Segundo ele, o déficit avança com força, impulsionado por mudanças demográficas e no mercado de trabalho. Além disso, afirma que a reforma anterior foi incompleta, e vem sendo prejudicada por mudanças feitas pelo STF (Supremo Tribunal Federal).

"A questão é buscar alternativa para tornar a Previdência sustentável, o que vai beneficiar a todos . Hoje é déficit atrás de déficit."

Tafner reconhece que não será fácil retomar o debate, mas acredita que o país amadureceu para avançar nos temas que pareciam mais sensíveis no passado. "Nesse tema previdenciário, o importante é ter em mente que não queremos prejudicar ninguém", diz.

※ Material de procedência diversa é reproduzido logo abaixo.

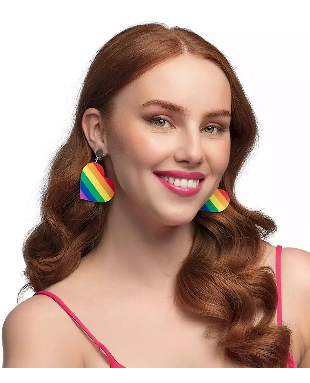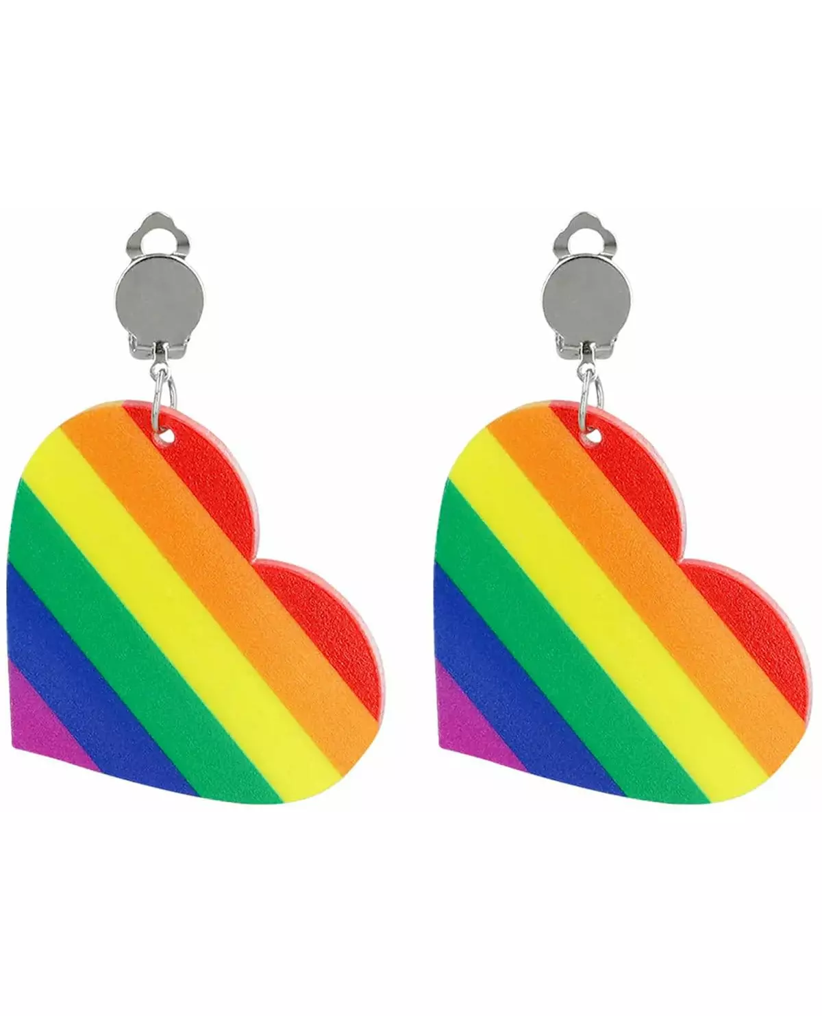 En fargerik favoritt! Disse regnbuehjertede øredobbene er det perfekte tilbehøret for å gi antrekket ditt et gledelig og selvsikkert preg. De er lette å bruke, og viser stolt frem regnbuens farger i en tydelig synlig hjerteform, ideell for å fange alles oppmerksomhet. Disse øredobbene er et sant symbol på uttrykk og frihet, enten de brukes under en pride-marsj, en festival eller bare for å hevde din hverdagsstil. Inkludert tilbehør: 1 par klips-øredobber

Os especialistas voltaram a defender que é necessário fazer outra reforma da Previdência, mas eu pergunto: como explicar para as pessoas? Porque parte do que estava previsto na reforma de 2019 acabou ficando de fora, e isso faz com que, mesmo sendo uma boa reforma, precise ser complementada. Adicionalmente, há dois novos fatores. Entre 2019 e agora, saíram os dados do Censo indicando um envelhecimento mais acelerado do que estava previsto e uma taxa de fecundidade menor também, o que impacta a sustentabilidade da Previdência.

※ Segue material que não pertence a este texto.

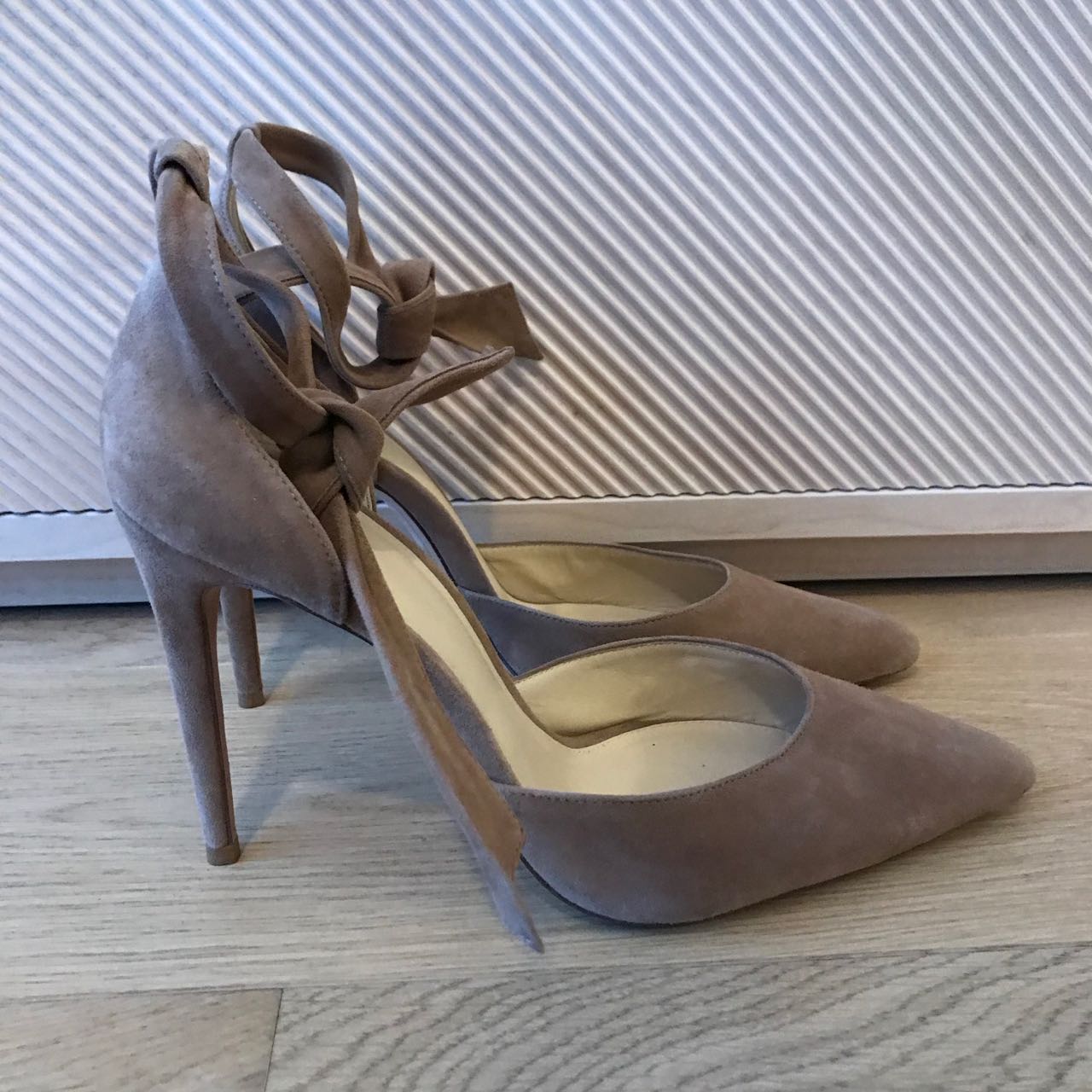 Escarpins en daim beige à bouts pointus, noeud à la cheville.

Outro fator é a política do salário mínimo. O governo atual adotou a política de ganhos reais, baseados no PIB [Produto Interno Bruto] de dois anos anteriores. Isso acelerou, digamos assim, o déficit previdenciário, que vem aumentando de forma bastante acentuada.

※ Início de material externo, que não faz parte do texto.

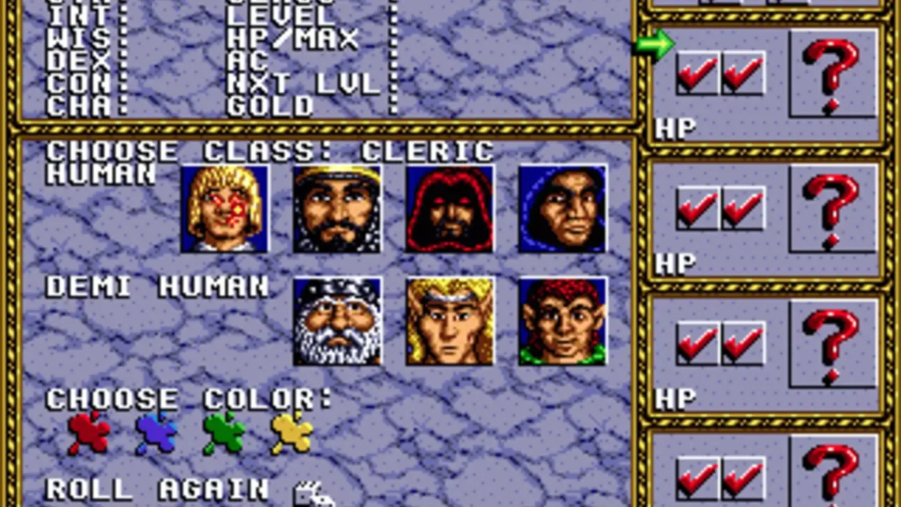 In addition to the original four heroes found in its predecessor, Dungeons & Dragons: Tower of Doom (Cleric, Dwarf, Elf and Fighter), Shadow of Mystara adds a Thief and a Magic-User to the selection. Furthermore, with the inclusion of two separate versions of each character's sprite set, the game allows up to two players to select the same character (in Tower of Doom each of the characters could only be selected once), effectively giving the game 12 "different" characters to choose from. The two Clerics and two Magic Users also have subtle differences within their spell books. The controls are using four buttons: Attack, Jump, Select (brings up a small inventory ring around the character allowing the player to choose what item is set in the Use slot) and Use. The Cleric, Elf and Magic-User also have two extra rings for their spells, with the Jump button used to switch from ring to ring. While the game uses the same kick harness as the previous game, the Select and Use buttons are reversed. Shadow over Mystara also introduced a selection of special moves which are executed by moving the joystick and tapping the buttons in certain combinations, in a way similar to the Street Fighter series. The characters (except for the Magic-User) have a Dashing Attack as well as a Rising Attack which can be used to combo monsters or even juggle them in the air. Most characters (again, with the exception of the Magic-User and also Cleric) also have a Megacrush, a move common to nearly all of Capcom side-scrollers, which damages all enemies standing close enough to the character but in turn also damaging the player themselves.

Para que todos tenham uma noção, de cada R$ 1 de aumento do salário mínimo, serão R$ 400 milhões adicionais na despesa previdenciária. Então, aumento de R$ 10 no salário mínimo, aumenta a despesa em R$ 4 bilhões, aumento de R$ 20, estamos falando de R$ 8 bilhões, e assim por diante.

Teve um terceiro fator que atrapalhou: o Supremo Tribunal Federal derrubou itens da reforma que foram aprovados, agravando ainda mais o quadro de sustentabilidade financeira.

A proposta traz de volta medidas que já foram rejeitadas pelo Congresso na tramitação da reforma anterior. Tivemos a discussão sobre a equiparação de idade entre homem e mulher, e também a proposta de capitalização. Por que o país voltaria a discutir o que descartou antes? Reforma é um processo de amadurecimento . Até 2015, 2016, qualquer mudança na Previdência era um palavrão. Lentamente, a percepção das pessoas foi mudando. Nós também fizemos ajustes.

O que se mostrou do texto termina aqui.